### What you need to do
Starting with the line that holds "Pejzaż - Happy", repeat each line through the last one below, exactly. Pictures stay out.

### Records supplied
BEGIN
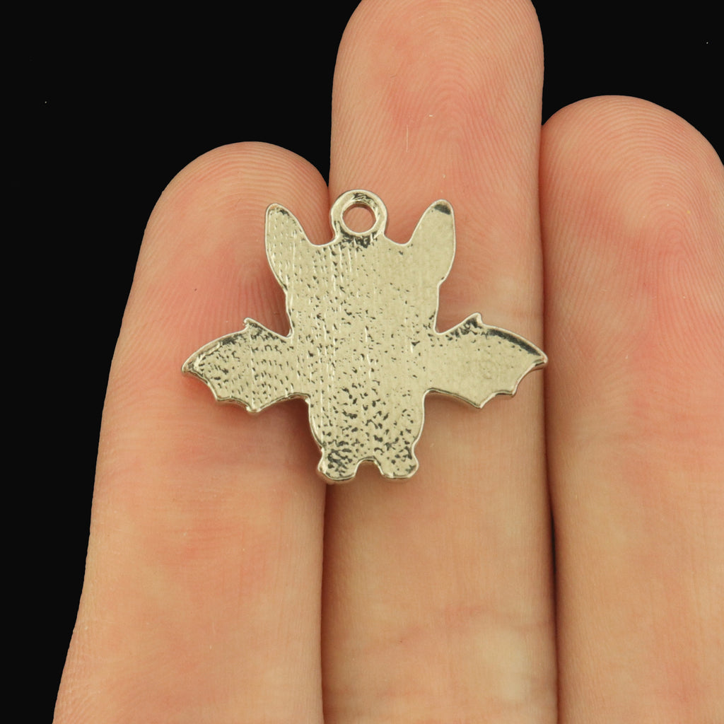 Be the life of the party with these glow in the dark smiling bat charms. They are made of silver tone alloy and finished with colorful enamel.
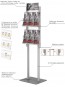 Stabilny, składany prezenter na ulotki, foldery. Stojak posiada składany statyw z anodowanego aluminium oraz dwie kieszonki z plexi, formatu A4 w poziomie, z możliwością podziału na ulotki A5 i Dl. Możliwość złożenia sprawia, iż jest idealny do transportu.
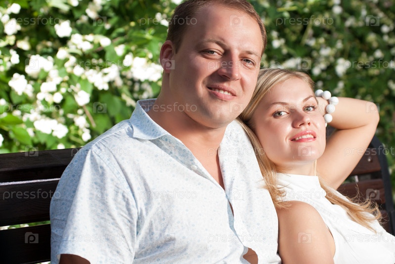 Молодая пара сидит на скамейке в парке
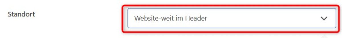 Unterhalb des Eingabefensters finden Sie bei Standort schon Website-weit im Header voreingestellt. Diese Option ist die richtige für Code, der bei jedem Aufruf einer Seite ausgespielt werden soll.
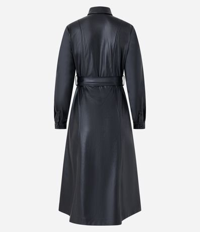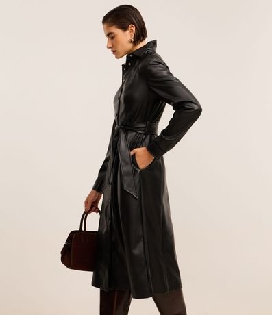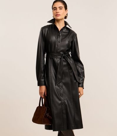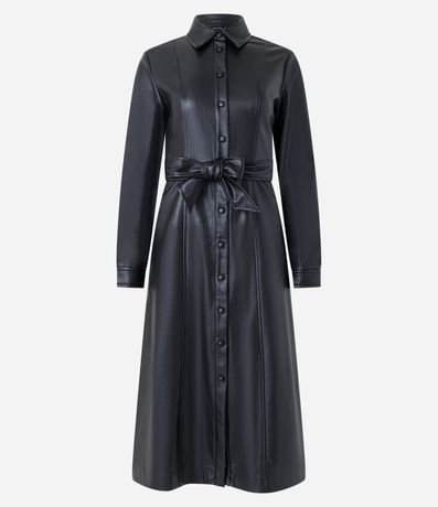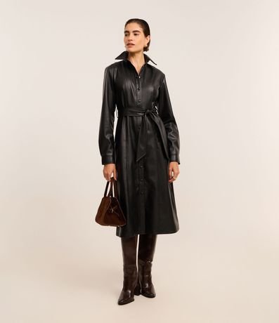 Vestido Chemise em PU com Faixa para Amarração
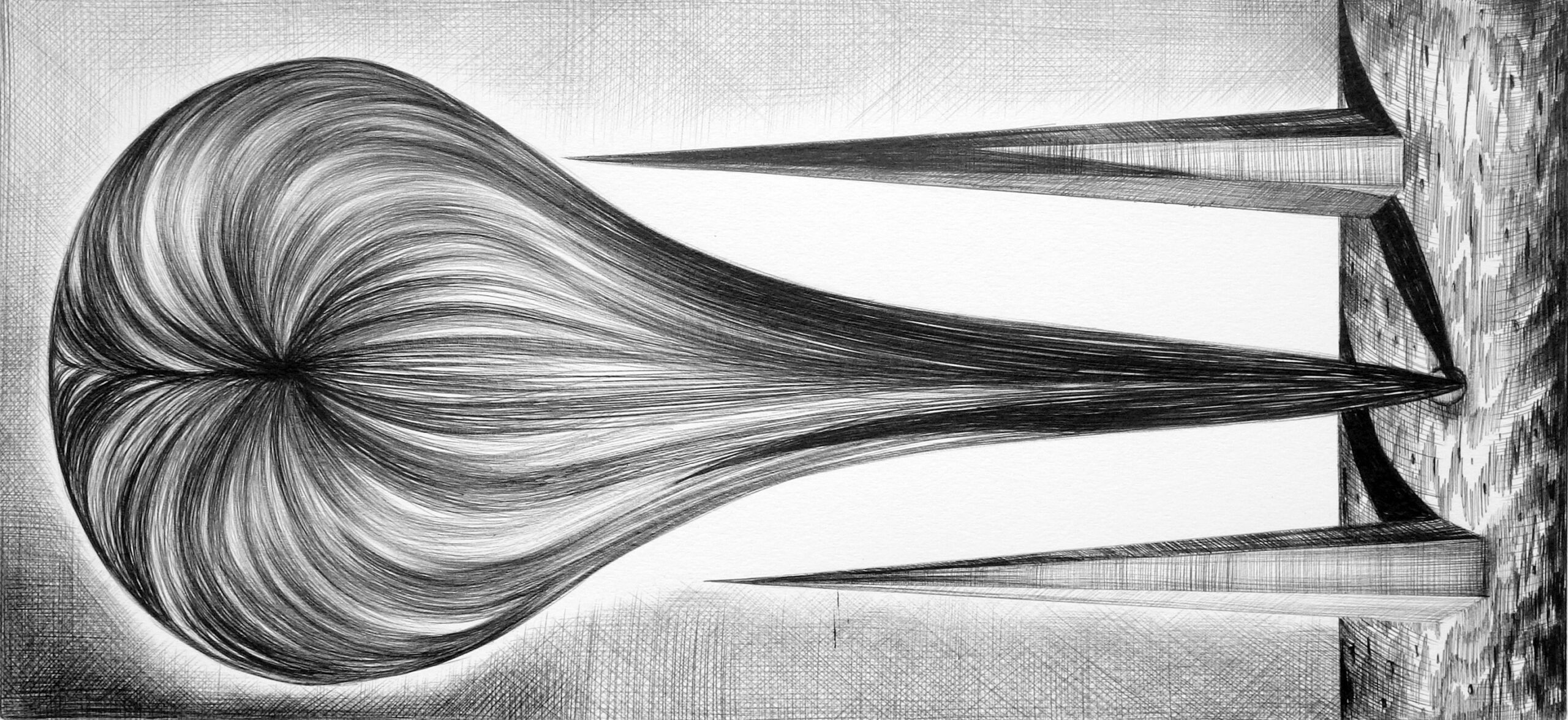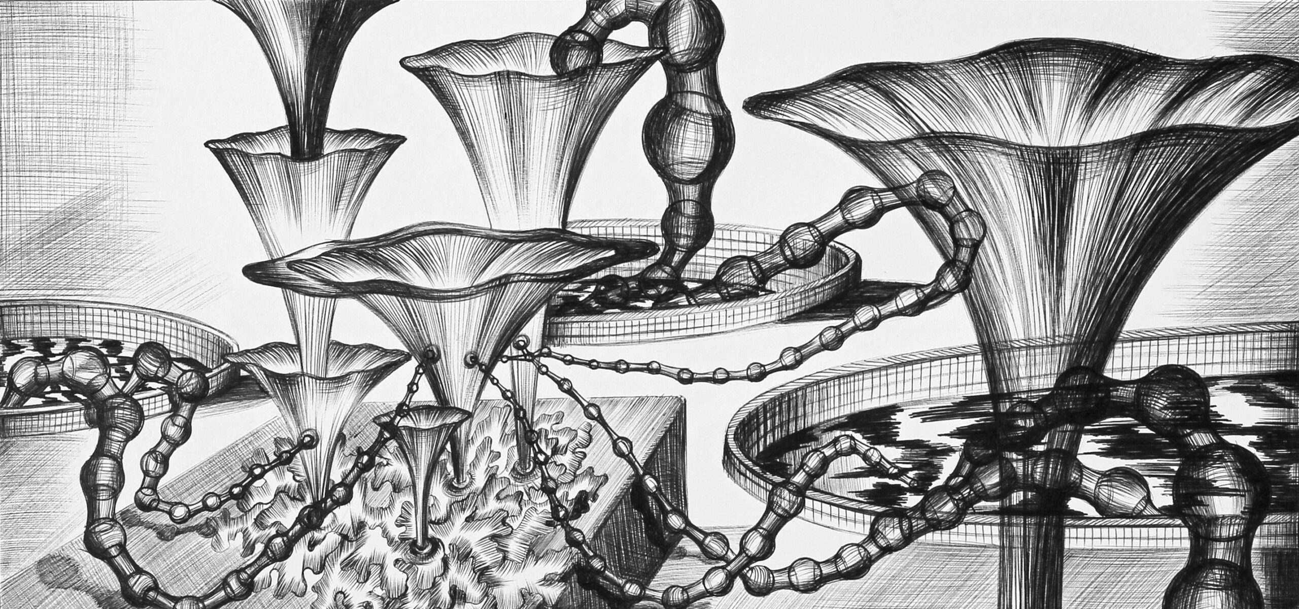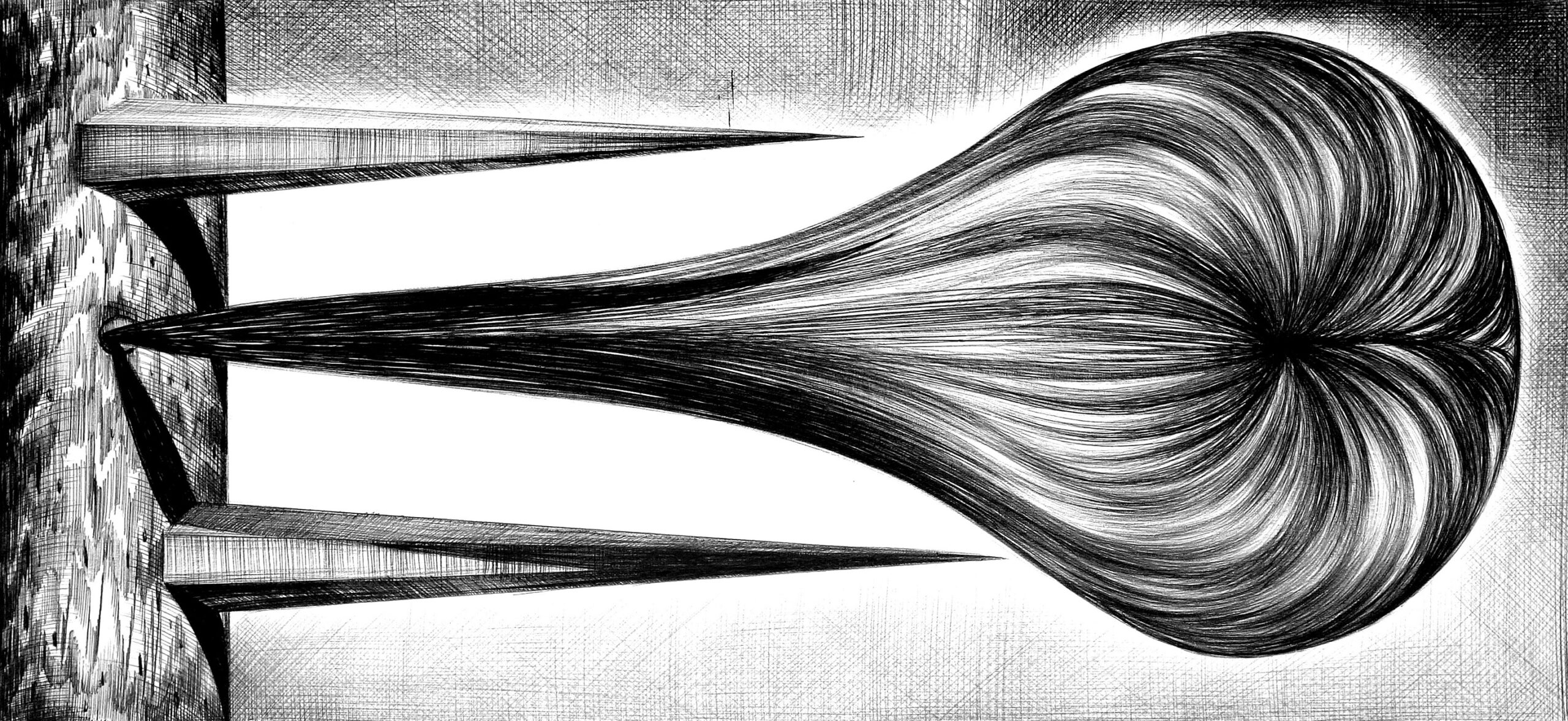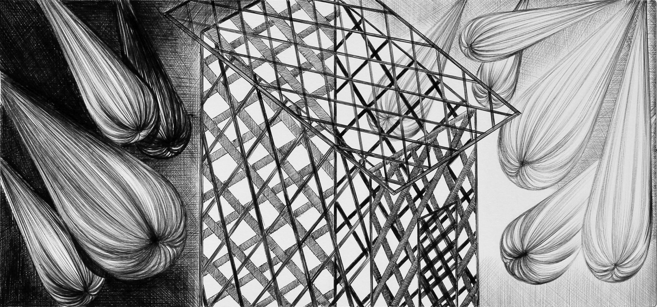 De STEKELS zijn losgemaakt van de plant en verschijnen in de tekeningen als autonome objecten, gepositioneerd tegen een hekwerk.
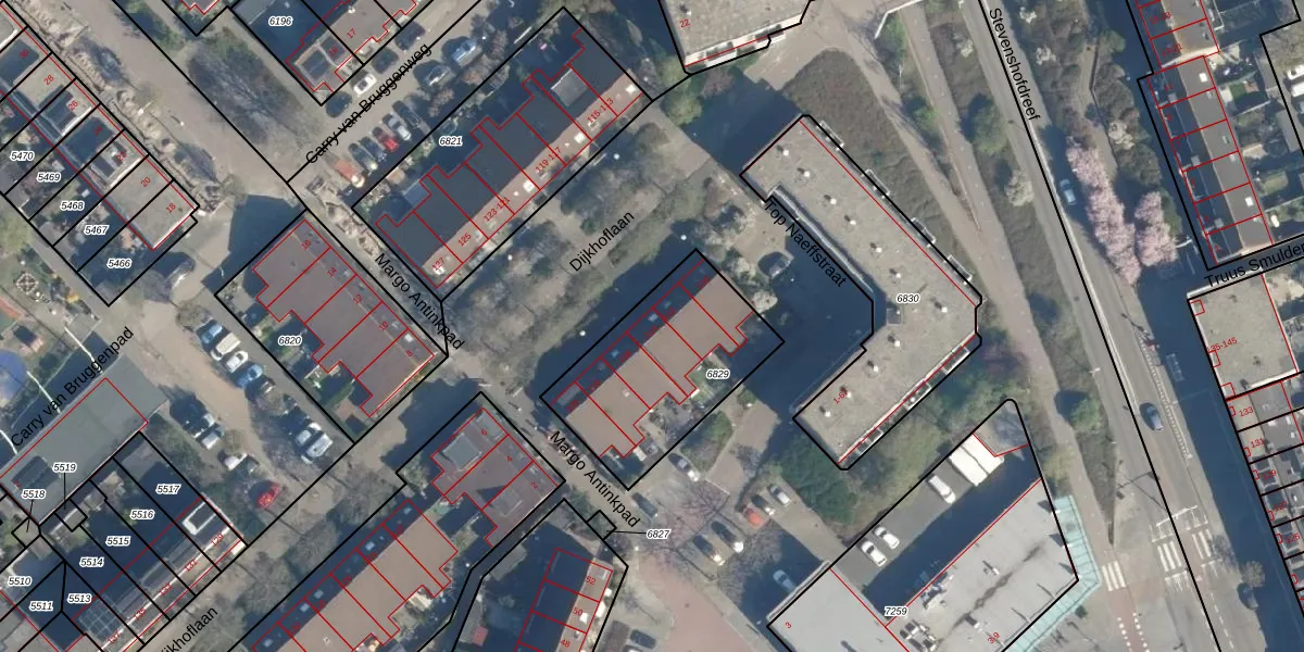 Dijkhoflaan 114 is gelegen op kadastraal perceel LDN01W6829. Deze kadastrale aanduiding is uniek en wordt gebruikt door het Kadaster om eigendomsrechten en andere zakelijke rechten vast te leggen. Het perceel maakt onderdeel uit van de kadastrale gemeente Leiden.
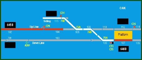 Train 6460 is now signalled to enter the reversing siding. Note all four ends of points reverse and shunt signal C23 clear.
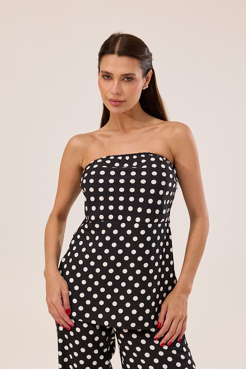 Clássico, atemporal e irresistivelmente feminino, nosso tomara que caia em estampa de poá é uma combinação perfeita de charme retrô e toque contemporâneo. Com a leveza da modelagem tomara que caia e as roupas divertidas das bolinhas, essa peça é um símbolo de estilo e sofisticação.
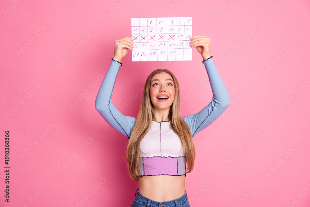 Pejzaż - Happy young woman holding a calendar with marked dates on pink background showcasing cheerful and... #1918268366
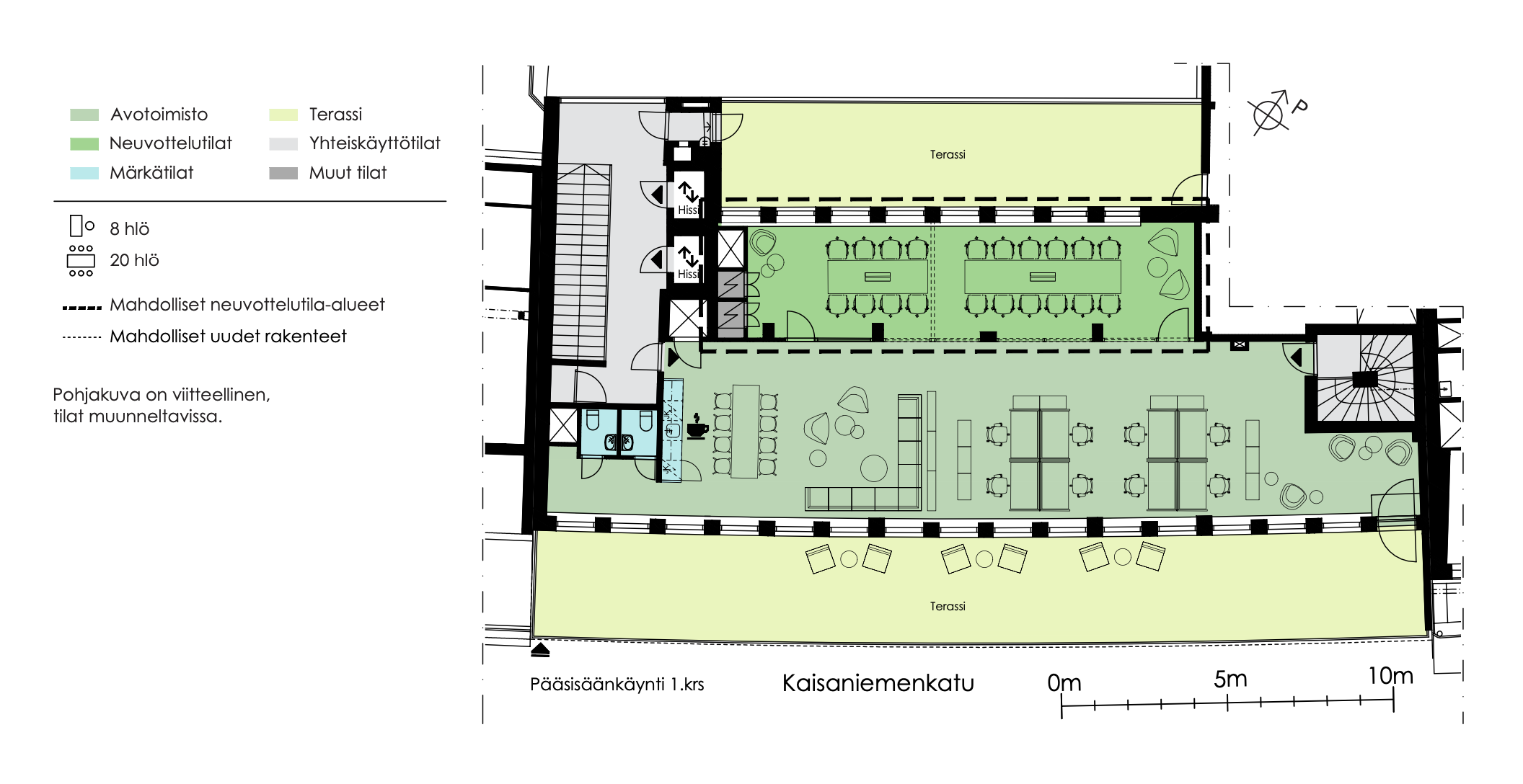 Ylimmän kerroksen tehokas toimistotila, jonka yhteydessä on myös iso terassi. Kiinteistö on tällä hetkellä putkiremontissa, tämän yhteydessä uusitaan samalla kaikkien tilojen wc-pinnat sekä kalusteet.
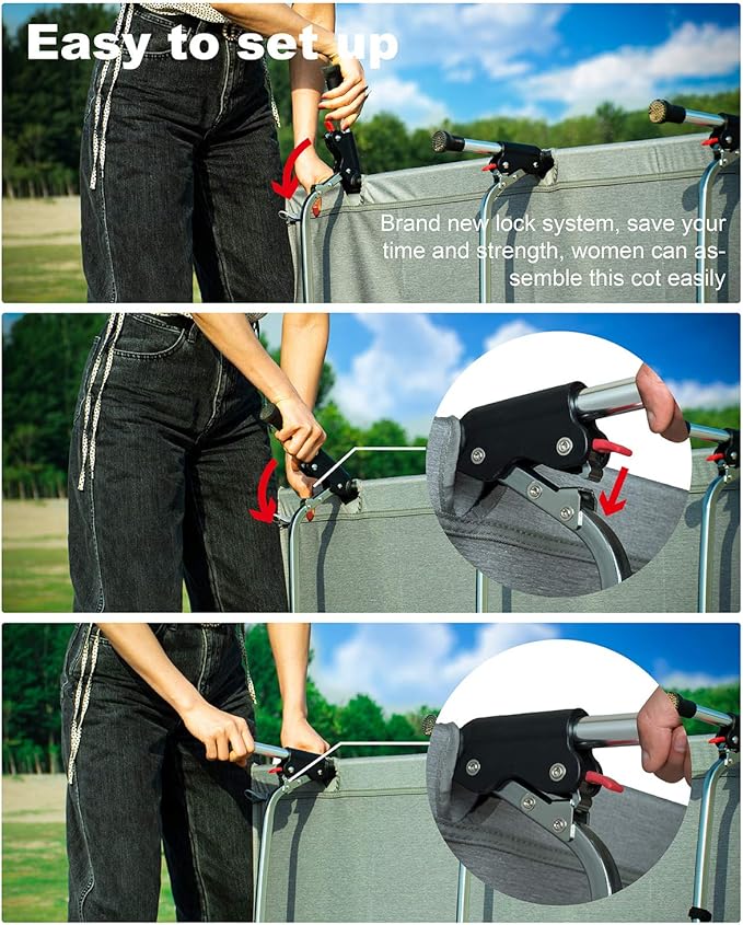 - VERY QUICK and EASY SETUP, save your precious time and strength. With the brand-new locking system of the legs, people without much strength can assemble this cot easily. Instructions included.
END
### Result of this exercise
 Pejzaż - Happy young woman holding a calendar with marked dates on pink background showcasing cheerful and... #1918268366
 Ylimmän kerroksen tehokas toimistotila, jonka yhteydessä on myös iso terassi. Kiinteistö on tällä hetkellä putkiremontissa, tämän yhteydessä uusitaan samalla kaikkien tilojen wc-pinnat sekä kalusteet.
 - VERY QUICK and EASY SETUP, save your precious time and strength. With the brand-new locking system of the legs, people without much strength can assemble this cot easily. Instructions included.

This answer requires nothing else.